**Data for this task:**
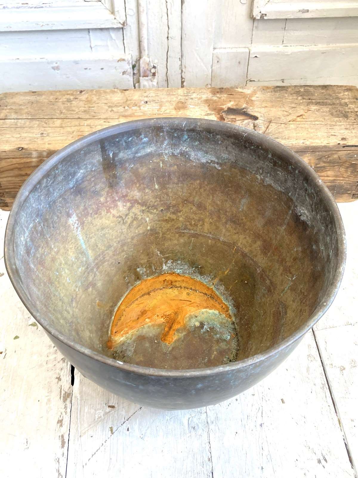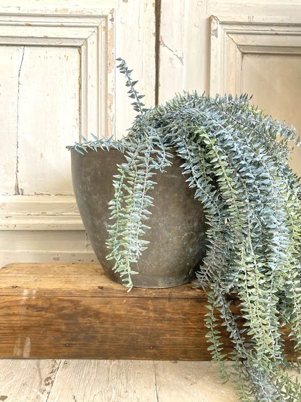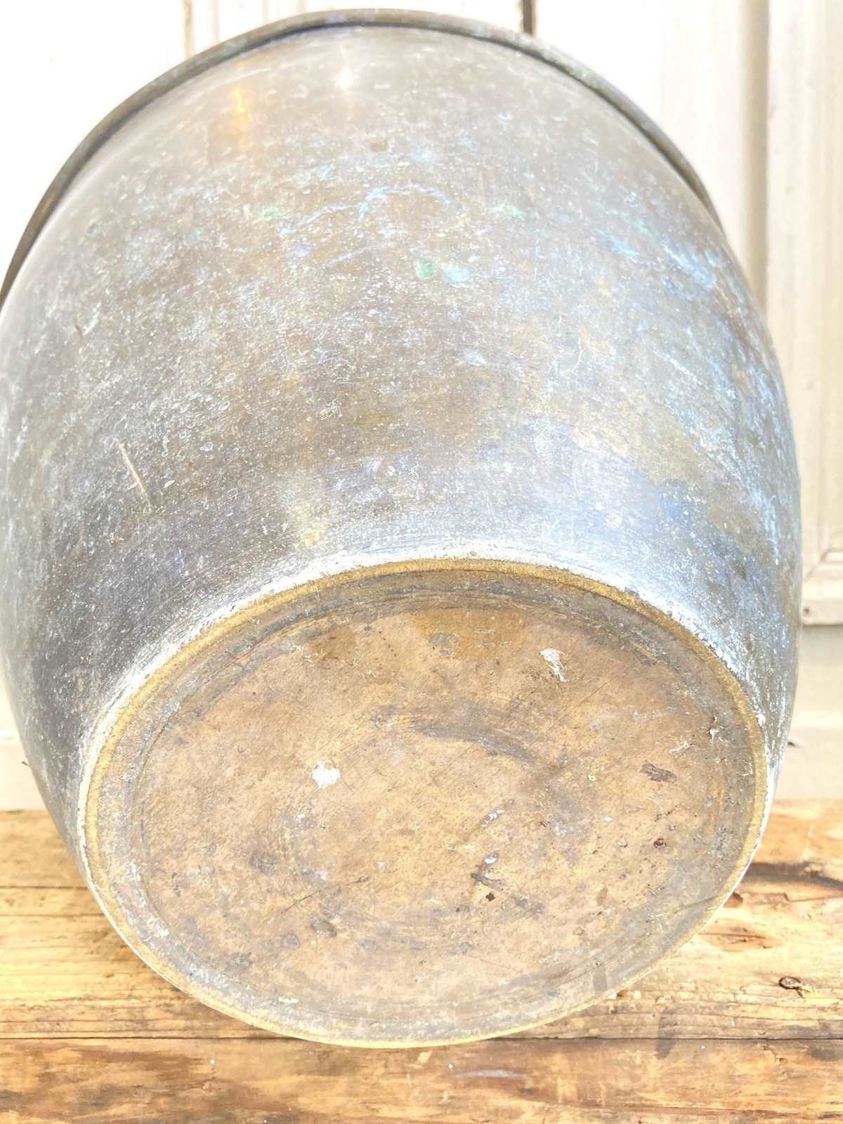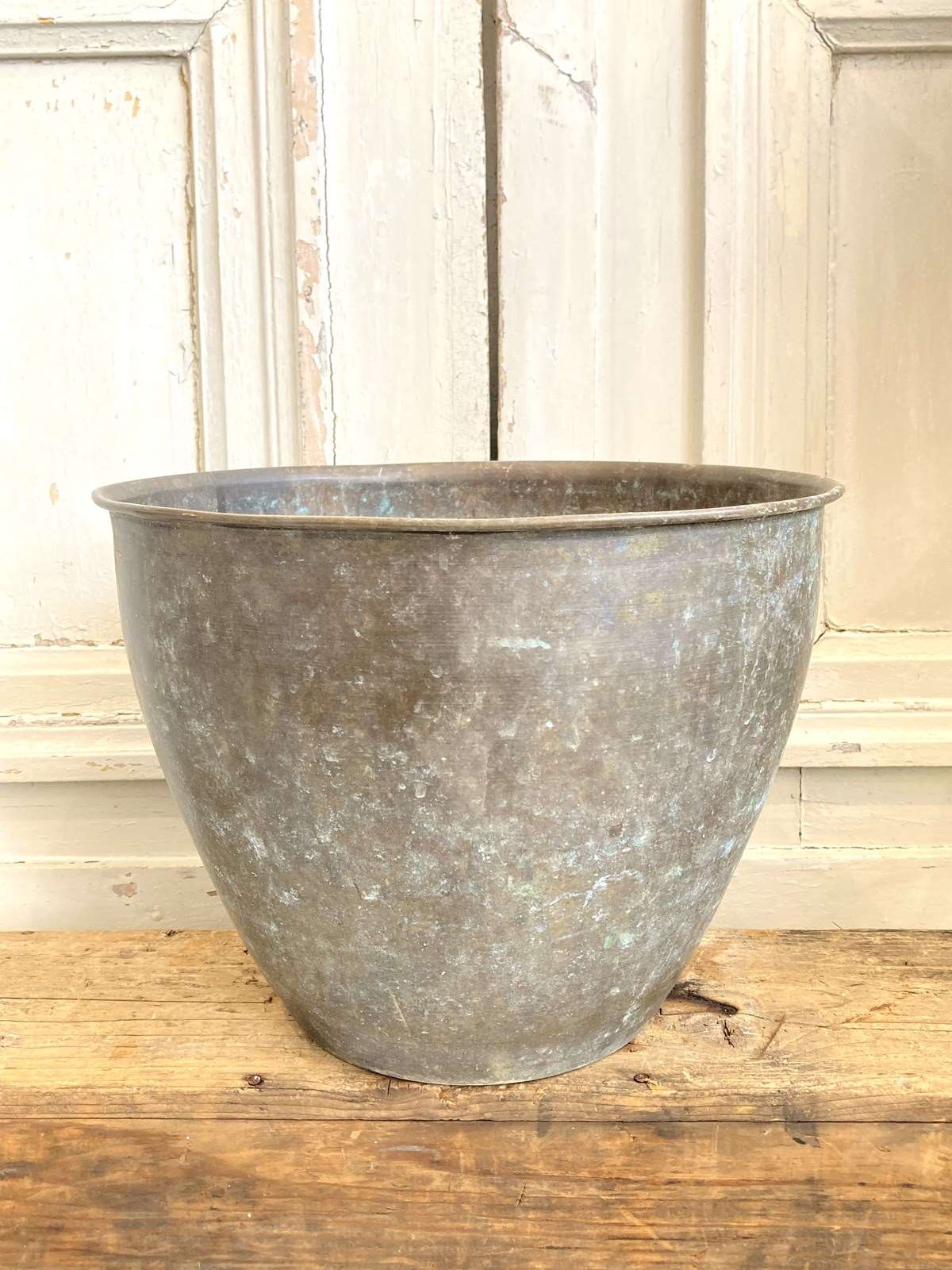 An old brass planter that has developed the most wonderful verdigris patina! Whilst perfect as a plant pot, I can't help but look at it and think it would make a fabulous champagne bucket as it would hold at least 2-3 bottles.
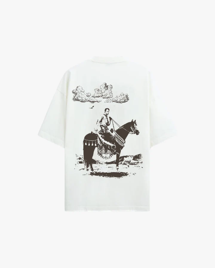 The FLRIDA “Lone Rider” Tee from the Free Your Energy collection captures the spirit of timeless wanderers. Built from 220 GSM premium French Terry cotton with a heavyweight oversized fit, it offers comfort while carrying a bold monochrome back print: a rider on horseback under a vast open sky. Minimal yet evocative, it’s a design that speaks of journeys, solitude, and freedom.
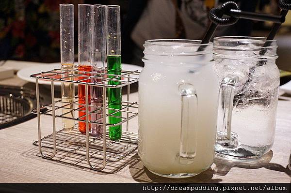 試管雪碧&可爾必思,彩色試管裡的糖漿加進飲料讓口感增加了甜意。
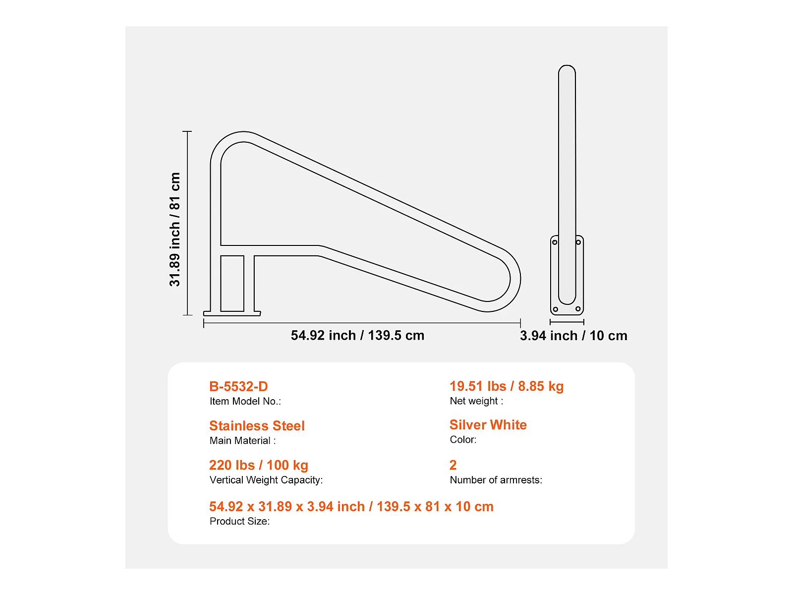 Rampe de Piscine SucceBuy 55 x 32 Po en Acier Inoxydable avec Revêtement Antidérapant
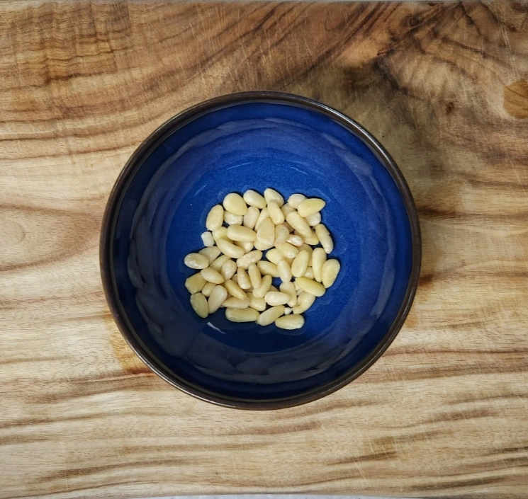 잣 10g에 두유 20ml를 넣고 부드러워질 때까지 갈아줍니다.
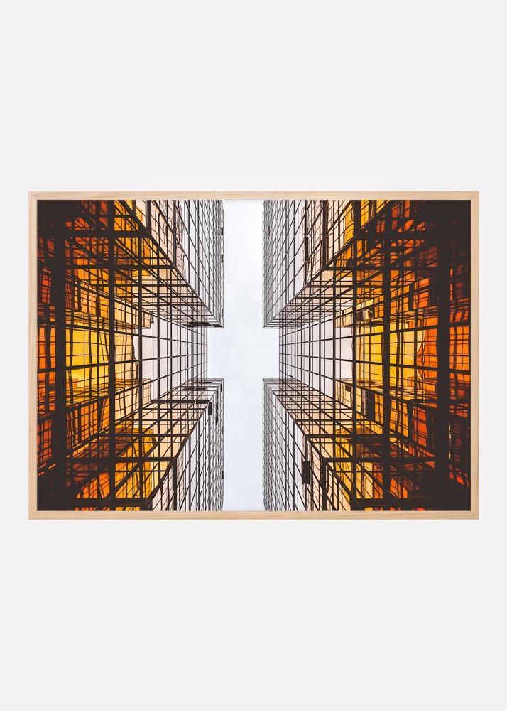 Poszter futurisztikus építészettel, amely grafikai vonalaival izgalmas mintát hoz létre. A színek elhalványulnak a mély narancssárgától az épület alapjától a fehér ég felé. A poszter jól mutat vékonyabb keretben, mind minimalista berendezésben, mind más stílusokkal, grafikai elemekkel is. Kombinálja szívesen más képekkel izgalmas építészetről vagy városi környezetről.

**Exercise brief:**
Stop at the line containing "試管雪碧&可爾必思,彩色試管裡的糖漿加進飲料讓口感增加了甜意。" and include it. Everything from the first line of the material up to there is to be repeated exactly, leaving out pictures.

**Answer box:**
 An old brass planter that has developed the most wonderful verdigris patina! Whilst perfect as a plant pot, I can't help but look at it and think it would make a fabulous champagne bucket as it would hold at least 2-3 bottles.
 The FLRIDA “Lone Rider” Tee from the Free Your Energy collection captures the spirit of timeless wanderers. Built from 220 GSM premium French Terry cotton with a heavyweight oversized fit, it offers comfort while carrying a bold monochrome back print: a rider on horseback under a vast open sky. Minimal yet evocative, it’s a design that speaks of journeys, solitude, and freedom.
 試管雪碧&可爾必思,彩色試管裡的糖漿加進飲料讓口感增加了甜意。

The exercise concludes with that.